◆ Task statement
Every line below from the one containing "Fotopro DIGI-204 の耐荷重は" through the one containing "Det är långt" must be transcribed exactly. Omit all lines outside that stretch.

◆ Data to examine
%%

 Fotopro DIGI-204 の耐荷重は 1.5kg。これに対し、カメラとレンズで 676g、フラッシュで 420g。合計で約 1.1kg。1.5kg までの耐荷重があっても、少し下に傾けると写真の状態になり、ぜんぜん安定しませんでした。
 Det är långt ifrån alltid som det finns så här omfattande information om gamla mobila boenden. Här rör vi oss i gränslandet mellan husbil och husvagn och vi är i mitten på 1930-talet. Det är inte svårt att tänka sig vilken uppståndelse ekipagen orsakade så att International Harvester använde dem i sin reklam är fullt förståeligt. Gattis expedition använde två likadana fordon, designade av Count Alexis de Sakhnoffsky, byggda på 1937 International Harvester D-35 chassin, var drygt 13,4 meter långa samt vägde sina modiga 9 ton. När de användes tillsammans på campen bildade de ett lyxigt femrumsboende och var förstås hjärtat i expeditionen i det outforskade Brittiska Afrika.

%%
%%

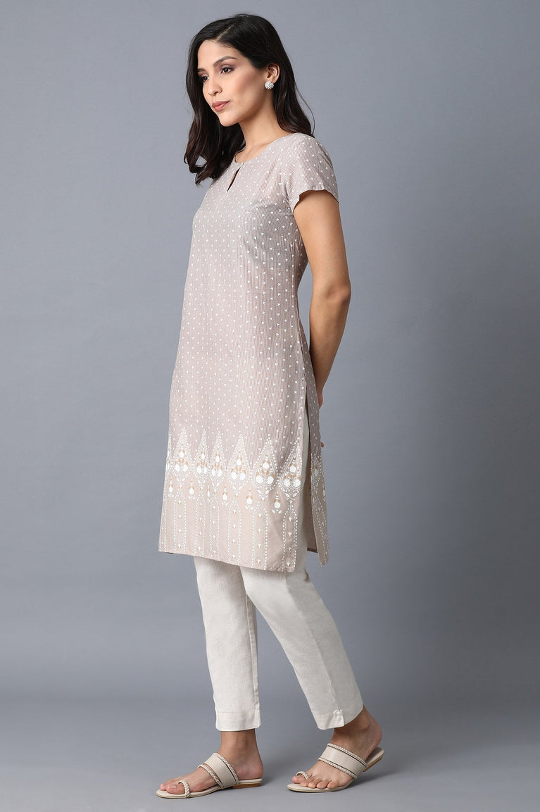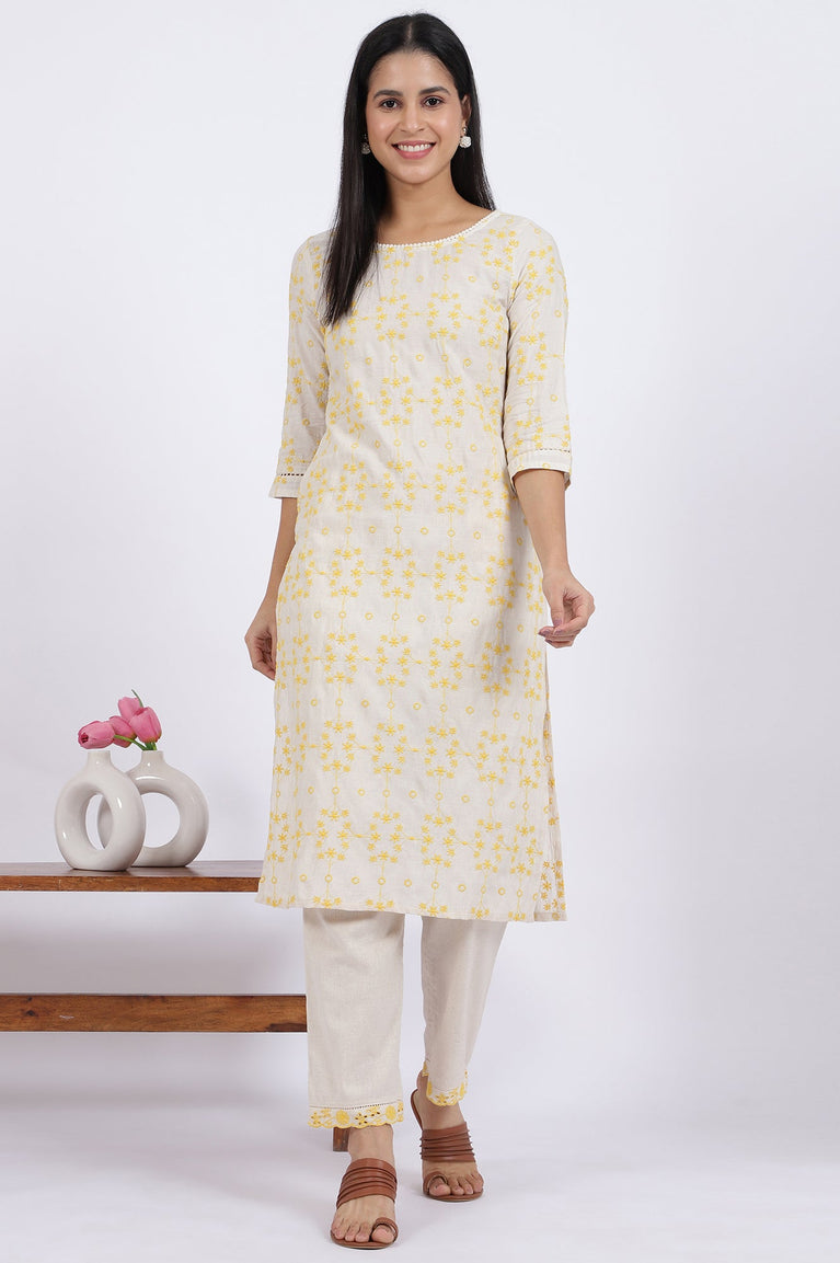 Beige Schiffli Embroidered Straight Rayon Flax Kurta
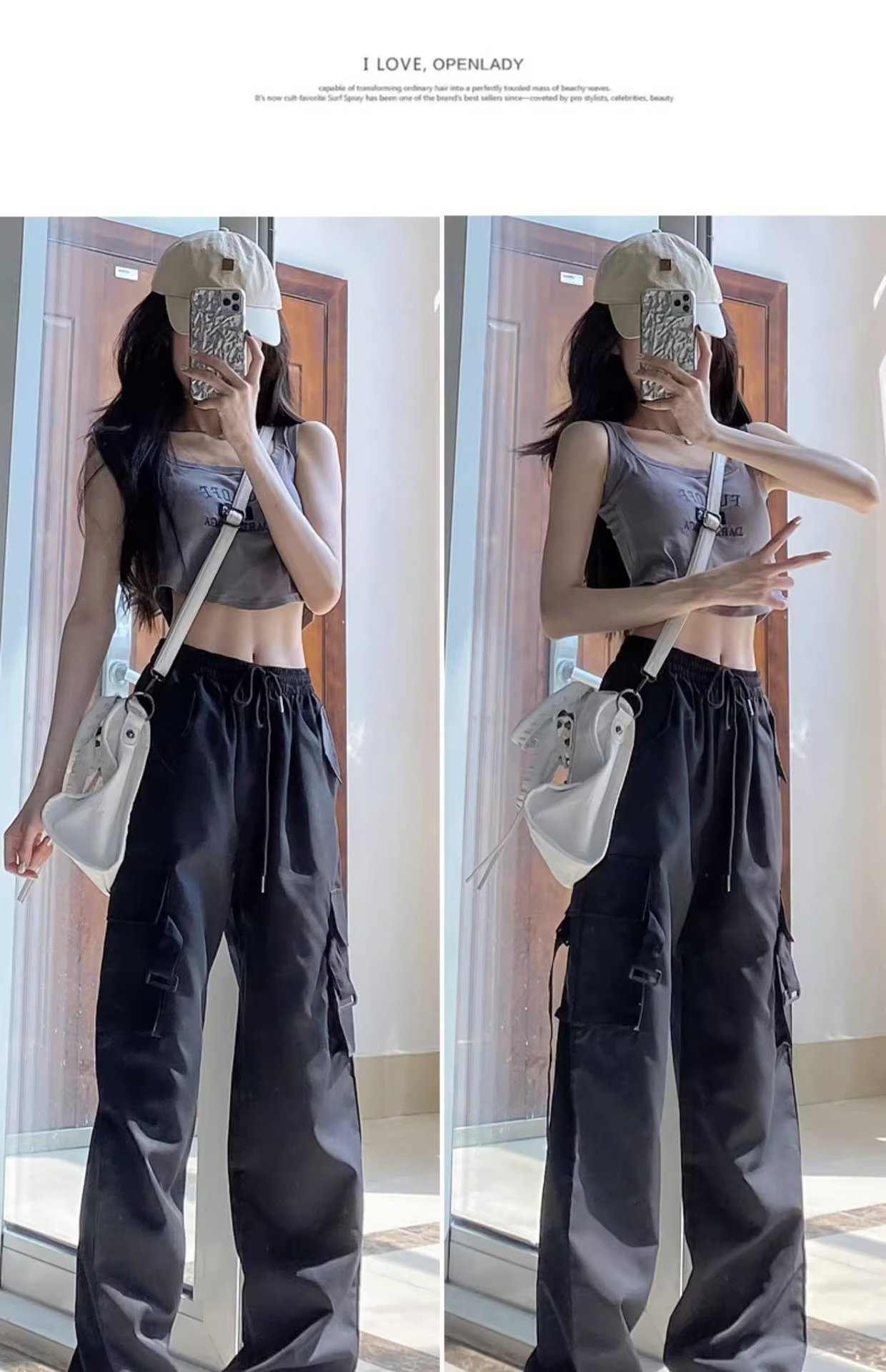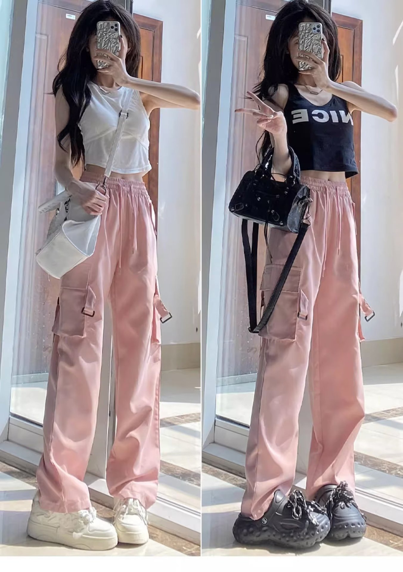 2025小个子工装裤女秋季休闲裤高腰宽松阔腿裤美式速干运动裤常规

%%
%%

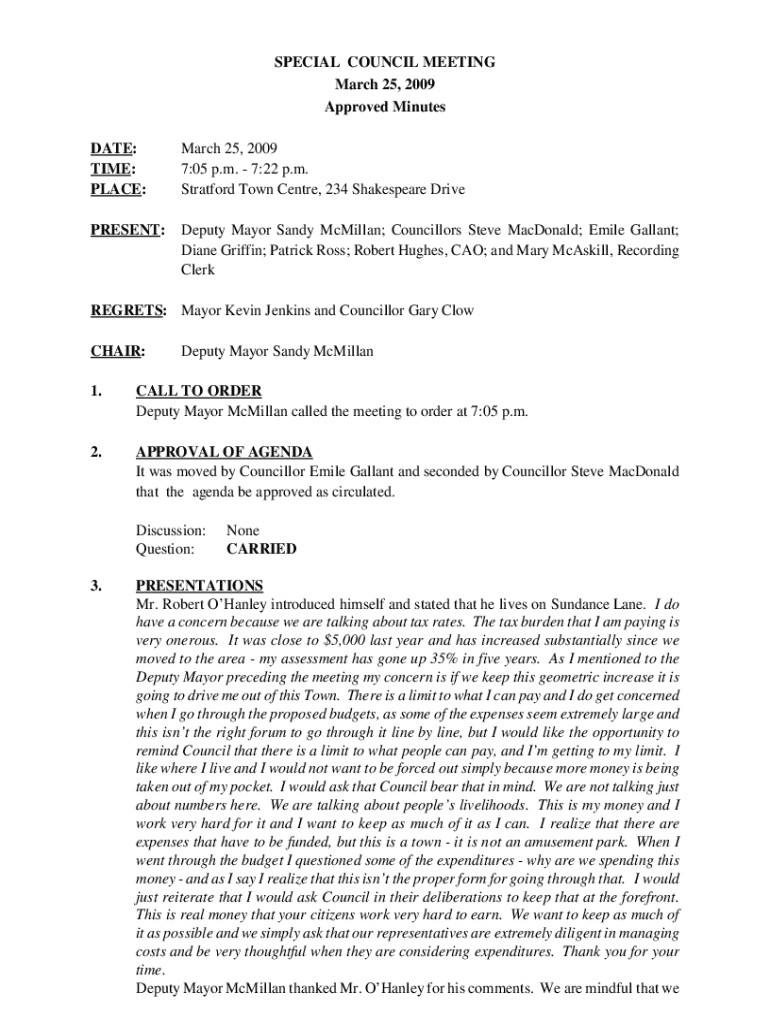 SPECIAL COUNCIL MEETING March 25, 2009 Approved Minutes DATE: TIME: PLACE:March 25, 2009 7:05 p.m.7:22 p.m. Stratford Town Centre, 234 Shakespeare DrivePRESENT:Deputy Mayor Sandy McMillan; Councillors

%%

◆ Answer to this task
 Fotopro DIGI-204 の耐荷重は 1.5kg。これに対し、カメラとレンズで 676g、フラッシュで 420g。合計で約 1.1kg。1.5kg までの耐荷重があっても、少し下に傾けると写真の状態になり、ぜんぜん安定しませんでした。
 Det är långt ifrån alltid som det finns så här omfattande information om gamla mobila boenden. Här rör vi oss i gränslandet mellan husbil och husvagn och vi är i mitten på 1930-talet. Det är inte svårt att tänka sig vilken uppståndelse ekipagen orsakade så att International Harvester använde dem i sin reklam är fullt förståeligt. Gattis expedition använde två likadana fordon, designade av Count Alexis de Sakhnoffsky, byggda på 1937 International Harvester D-35 chassin, var drygt 13,4 meter långa samt vägde sina modiga 9 ton. När de användes tillsammans på campen bildade de ett lyxigt femrumsboende och var förstås hjärtat i expeditionen i det outforskade Brittiska Afrika.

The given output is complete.